Background: Immune checkpoint blockade with PD-1 inhibitor pembrolizumab was effective in RS but not CLL in a phase 2 study (NCT02332980). Analyzing the immune signatures including PD-L1 expression and T cell diversity is important for understanding the differential responses. Methods: 15 CLL and 14 RS patients in NCT02332980 were included. Expression of PD-L1 in lymph node (LN) was analyzed by immunohistochemistry staining. Peripheral blood (PB) and LN T cell diversity was analyzed using the ImmunoSEQ platform (Adaptive Biotechnology), which quantifies the clonailty of T cells by deep sequencing of the CDR3 region of T cell receptor (TCR). Data analysis (Student’s t-test and Mann-Whiney U test) was done by GraphPad Prism (v7).
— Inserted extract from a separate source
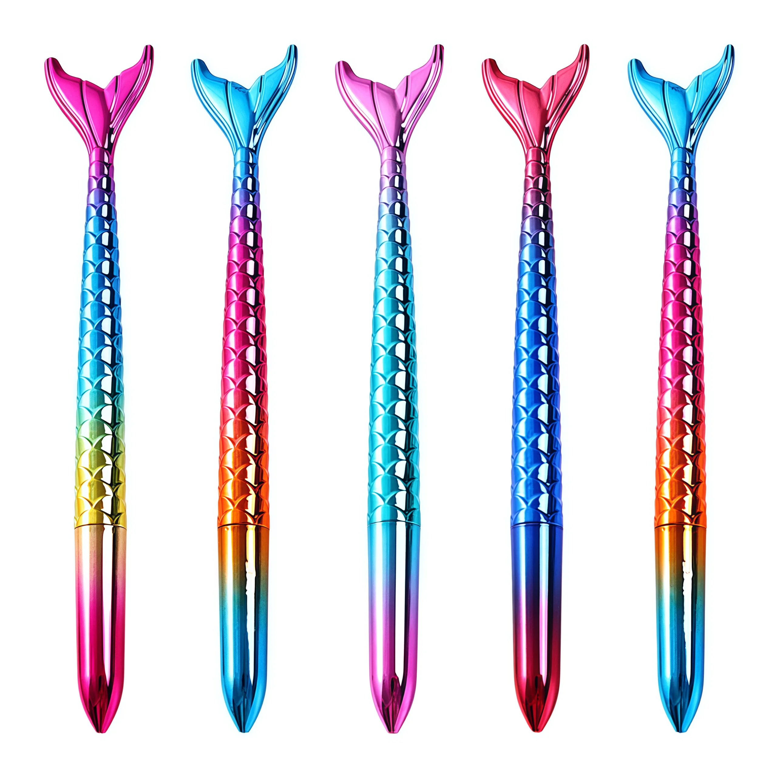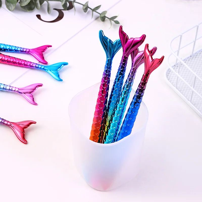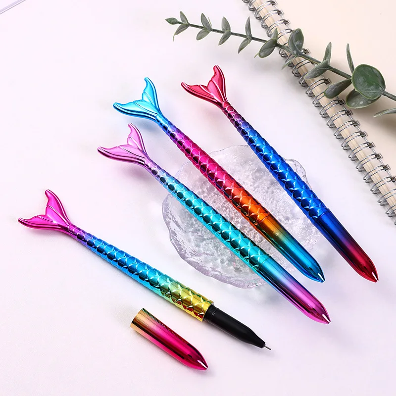 Creative Stationery Mermaid Tail Shape Gel Pen Dream Bead Blue Colorful Body 0.5mm Tip Smooth Writing for Promotional Gift
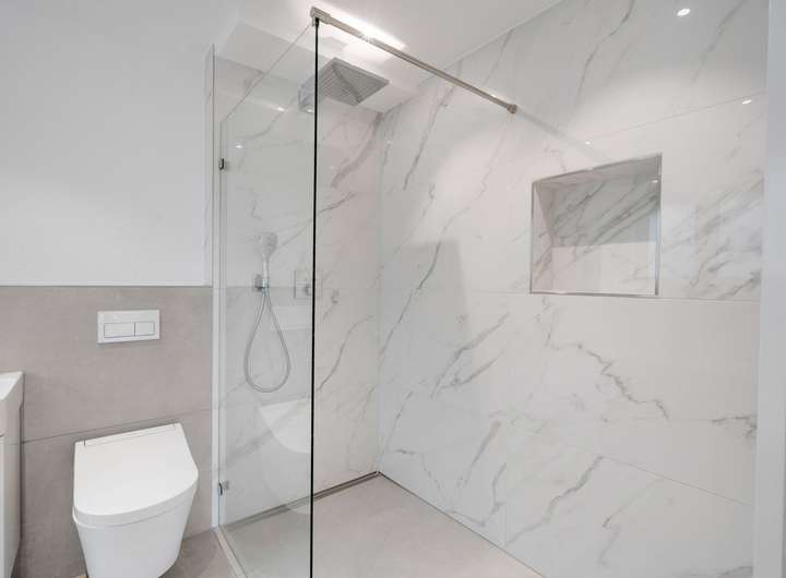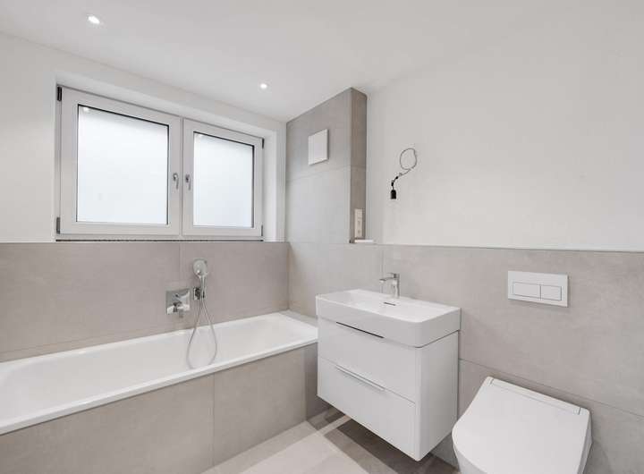 Sanitär-Luxus: Masterbad mit Walk-In-Dusche, Wanne & Premium-Dusch-WC (Washlet).

Results: PD-L1 expression was significantly lower in CLL (n = 6) vs RS (n = 12) patients (mean 5.5% vs 22.9%, P= 0.003). A control CLL cohort (n = 11, Mayo CLL tissue registry) also had lower PD-L1 expression (7.7%, P= 0.002 vs RS). RS Patients progressed on ibrutinib or chemotherapy had similar PD-L1 expression (25.3% vs 19.6%, P= 0.416). PB TCR clonality at trial baseline was significantly lower in RS (n = 13) vs CLL (n = 13) patients (median 0.098 vs 0.342, P= 0.026). Patients progressed on ibrutinib or chemotherapy had similar TCR clonality (CLL: 0.34 vs 0.24, P= 0.524; RS: 0.11 vs 0.09, P= 0.534). 5 RS patients achieved an objective response (1 CR, 2 PR, 1 CMR and 1 PMR), 4 of which were after progression on ibrutinib. For CLL patients, only 1 nodal reduction was seen. 4 RS patients had prior CLL samples available for TCR analysis. 2 patients had a notable decrease of TCR clonality (0.21-0.04 and 0.17-0.03) from CLL (PB) to RS state (LN), and achieved CR and PR, respectively. 2 other patients with stable clonality (0.04-0.05 and 0.03-0.08) had SD and PMR, respectively. PB TCR clonality did not change significantly with pembrolizumab (CLL [n = 11]: P= 0.775; RS [n = 11]: P= 0.830; paired t-test). Conclusions: RS patients had higher expression of PD-L1 and lower TCR clonality (more diverse T cells) compared with CLL patients. The distinct immune signatures may explain their differential responses to PD-1 blockade. The dynamic changes of TCR clonality during Richter’s transformation may predict a response to PD-1 blockade.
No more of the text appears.